PROVIDED MATERIAL:
============
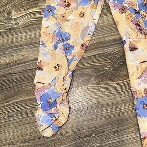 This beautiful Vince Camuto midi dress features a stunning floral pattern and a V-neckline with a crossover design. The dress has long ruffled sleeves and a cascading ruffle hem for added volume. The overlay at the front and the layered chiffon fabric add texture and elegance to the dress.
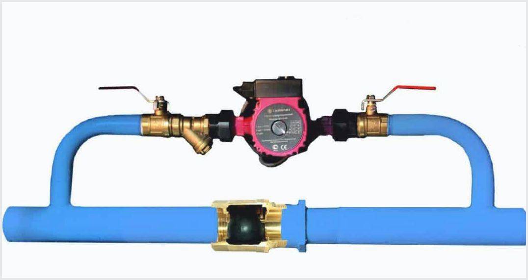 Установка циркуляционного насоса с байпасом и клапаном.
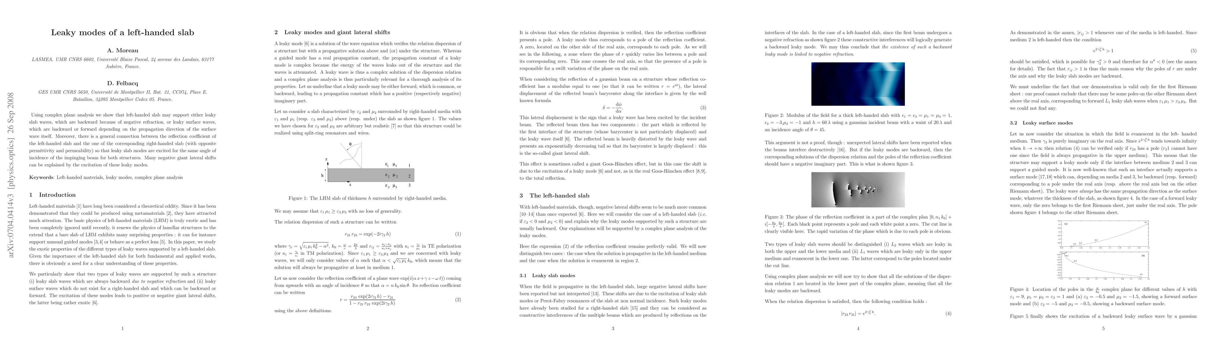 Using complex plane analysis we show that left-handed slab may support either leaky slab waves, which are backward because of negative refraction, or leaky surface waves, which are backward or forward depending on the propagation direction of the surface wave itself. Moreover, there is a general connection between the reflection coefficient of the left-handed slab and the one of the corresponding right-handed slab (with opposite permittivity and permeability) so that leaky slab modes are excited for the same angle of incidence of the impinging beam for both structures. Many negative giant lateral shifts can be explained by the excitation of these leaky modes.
============
EXERCISE BRIEF:
Repeat only the lines between the start of the data and the line with "Установка циркуляционного насоса", including those two lines, and skip the pictures.

RESPONSE AREA:
 This beautiful Vince Camuto midi dress features a stunning floral pattern and a V-neckline with a crossover design. The dress has long ruffled sleeves and a cascading ruffle hem for added volume. The overlay at the front and the layered chiffon fabric add texture and elegance to the dress.
 Установка циркуляционного насоса с байпасом и клапаном.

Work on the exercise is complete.